En España, aclaró, "estamos comprometidos como los que más" y prueba de ello es que fue uno de los primeros países en responder a la petición de fondos hecha por la ONU para abordar la crisis. Además, anunció, el Gobierno se dispone a destinar "500 millones de euros en los próximos casi cuatro años" para ayudar a hacer frente a la crisis alimentaria " a los países que más la sufren".

Entre las medidas que se financiarán con estos fondos figuran programas para mejorar la protección social de pequeños agricultores; programas específicos para menores de 5 años, que figuran entre los más afectados; y la creación de una "ventana específica" dentro de la aportación que España hace al Programa de la ONU para el Desarrollo (PNUD) destinada a la nutrición, la infancia y la seguridad alimentaria. A más largo plazo, se prevé una iniciativa para el desarrollo de las zonas rurales en América Latina y un programa de apoyo e intercambio científico-técnico agraria, pesquero y alimentario.

Por otra parte, el presidente propuso en su intervención la celebración en España de una "reunión de alto nivel" en otoño de seguimiento de la actual, en la que se puedan "evaluar las actuaciones" acordadas durante la conferencia de Roma y se apruebe una 'Carta de Derechos de la Seguridad Alimentaria'.

Según explicaron fuentes gubernamentales, el Gobierno español lleva trabajando desde hace tiempo con la FAO en la organización de esta conferencia y el objetivo es que en ella participen representantes de distintas organizaciones y organismos internacionales y regionales -Unión Europea, Unión Africana, Mercosur, ASEAN, CEDEAO...-- con el fin de lograr avances reales y no meras declaraciones.

MAYOR COMPROMISO DE LOS PAISES DESARROLLADOS

Precisamente éste es uno de los puntos en los que más insistió Zapatero en su discurso, reclamando un mayor compromiso de los países desarrollados y criticando abiertamente el que algunos países de la OCDE hayan disminuido su ayuda oficial al desarrollo en momentos en los que es necesario aumentarla.
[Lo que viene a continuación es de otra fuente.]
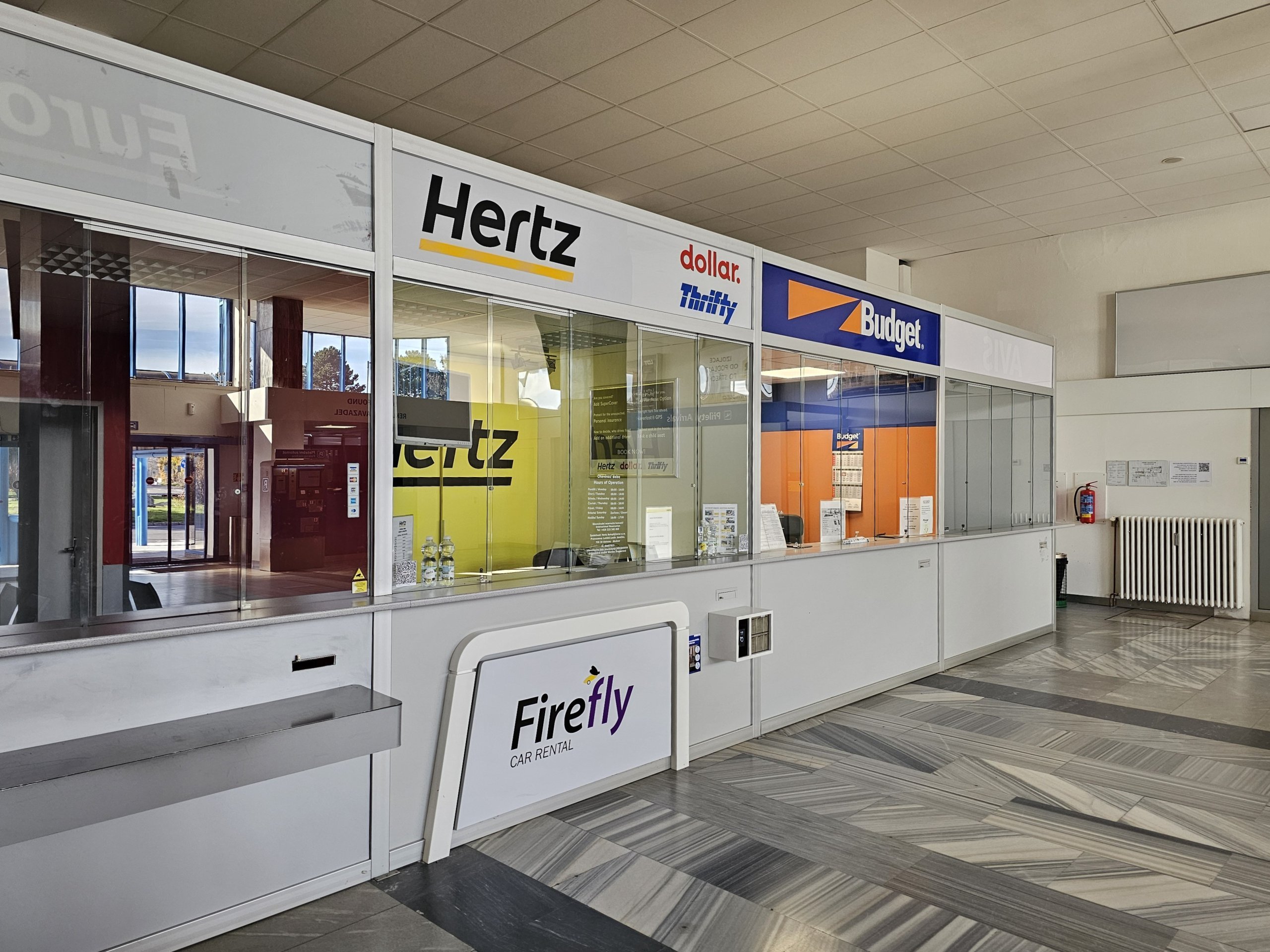 Stanowiska wypożyczalni samochodów znajdują się bezpośrednio w hali przylotów.

En este sentido, aseguró que España, aunque ahora tiene "dificultades económicas" la va a aumentar porque "los españoles saben lo importante que es evitar muertes".

Asimismo, Zapatero defendió la necesidad de "abordar la especulación que por diversas causas se está produciendo en los precios y la acumulación de cosechas" y consideró que "seguramente tiene mucho que ver con la crisis financiera en Estados Unidos y con la escalada de los precios del petróleo".

Detrás de todo ello, denunció, "hay un problema de fondo que es la necesidad de un mayor gobierno de las cosas que nos afectan a todos". De hecho, en su intervención subrayó que todo ello ha demostrado la "incapacidad de las instituciones internacionales de dar respuesta a los problemas serios".

En cuanto a los biocombustibles, consideró que estos tienen "un efecto limitado en esta escalada de los precios" y defendió que se mantenga "un debate abierto y permanente en esta materia".

Por otra parte, el presidente del Gobierno insistió en que se debe prestar atención especial a Africa, puesto que el continente podría alcanzar los 1.400 millones de habitantes para 2020 y esto supone "un riesgo" de cara a la lucha contra la pobreza y el hambre en este continente.

Además, se felicitó por el hecho de que la crisis haya "hecho que el mundo vuelva a mirar a la agricultura, que había quedado en un segundo plano" y animó a "volver a estimular la porducción agrícola y que los agricultores tengan condiciones de vida dignas en el ámbito rural".

También pidió que culmine con un acuerdo la Ronda de Doha. "No podemos fracasar", advirtió, incidiendo en que hay que "dar una oportunidad a todos los países que nho las tienen". En este sentido, reclamó "flexibilidad y que estemos a la altura de las circunstancias".